Vi è poi il capitolo dedicato alle “buone pratiche di riuso sociale” dove, attraverso le sintetiche ed efficaci schede riferite alle singole iniziative, si racconta di un Terzo settore impegnato a far crescere nella Comunità di Casal di Principe i valori della solidarietà, non dimenticando, però, l’importanza di dar vita ad iniziative economiche e produttive che mettano in moto i fermenti positivi di un popolo, il popolo di Don Peppe Diana, che vuole insegnare al Paese, anche dopo la pandemia, che ripartire si può e si deve. Vengono riportate le esperienze di “La forza del silenzio”, “Casa Lorena e il Punto luce”, “La Nuova Cucina Organizzata”, “Il centro di agricoltura sociale”, la cioccolateria “Dulcis in fundo”, “Casa don Diana”, “La sede della Croce Rossa Italiana”. Emerge chiara la varietà di esperienze che sono nate a Casal di Principe sui beni sottratti alla criminalità e al malaffare.

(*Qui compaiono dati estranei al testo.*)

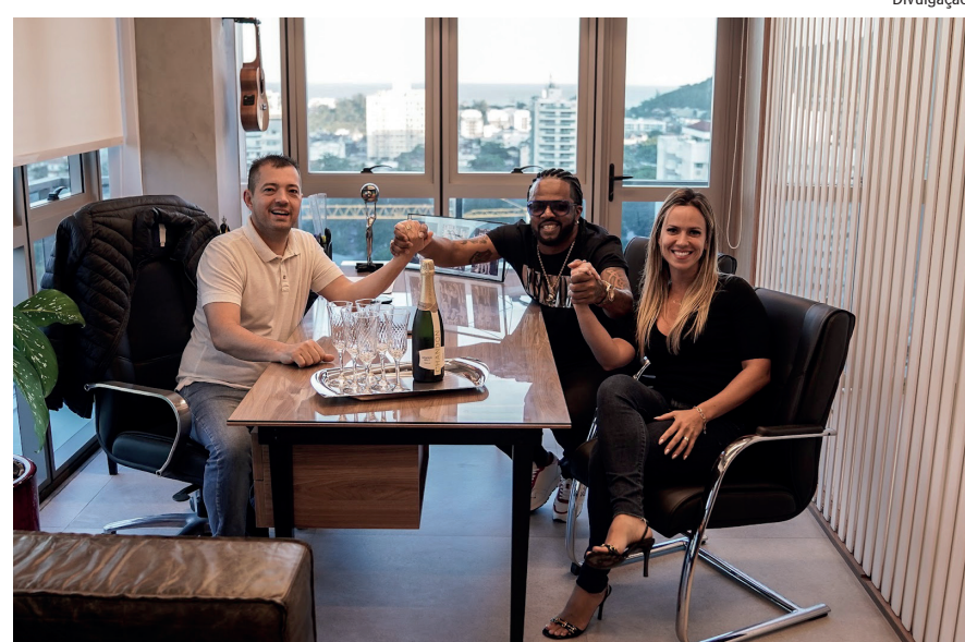
Renovação aconteceu na última semana

Al tentativo di ricostruire il “modello Casal di Principe” è dedicato il IV capitolo. Rete dell’economia sociale, utilizzazione di strumenti innovativi di partenariato pubblico-privato (per es. budget di salute), ricerca delle risorse idiosincratiche del territorio, sono i punti di forza di questo modello che speriamo venga presto conosciuto dagli italiani di più e meglio e scalzi definitivamente l’idea di un territorio e una comunità vocate al malaffare.

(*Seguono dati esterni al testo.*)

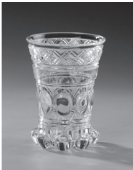
Pamětní číše – první tavba 1. září 1829, ručně foukané, broušené a ryté sklo, Jizerka, sbírka MSB Jablonec n. N.

lem se stal třináct let poté. Byl to schopný huťmistr a obchodník, jehož ambicí bylo též provozovat vlastní rafinerii skla a získat prestižní titul c. k. privilegiované továrny na výrobu skla, což se mu však díky pomlouvačné kampani konkurentů ze severu Čech (do níž se zapojila i nedaleká sklárna hrabat Harrachů v Novém Světě) a nepřízni centrálních úřadů nepodařilo.

E io, nel rileggere queste poche righe, penso al verso di una canzone di De Gregori “la storia siamo noi” e così mi vengono in mente le tante persone e i tanti volti che in questi anni ho incontrato sui beni confiscati e che hanno reso possibile il miracolo di cui si racconta nel Rapporto, penso al Festival “dell’impegno civile”, rivedo l’entusiasmo e la voglia di esserci di tanti, di esserci nonostante le difficoltà di un luogo del Sud di Italia dove assenza di lavoro, servizi inefficienti e tante altre difficoltà rendono tutto faticosissimo. E tra questi volti e persone non può non venirmi in mente il ricordo di una persona a cui si deve molto: Valerio Taglione. La serietà e l’impegno appassionato di Valerio (che io ho conosciuto soprattutto come motore del Comitato Don Peppe Diana) che poco più di un anno fa ci ha lasciato, hanno avuto un ruolo importante nella storia che il CSV di Caserta racconta: troppo presto è stato portato via alla sua famiglia e ad un territorio che avevano ancora tanto bisogno di lui, ma che sapranno onorare la sua memoria e portare avanti i suoi progetti.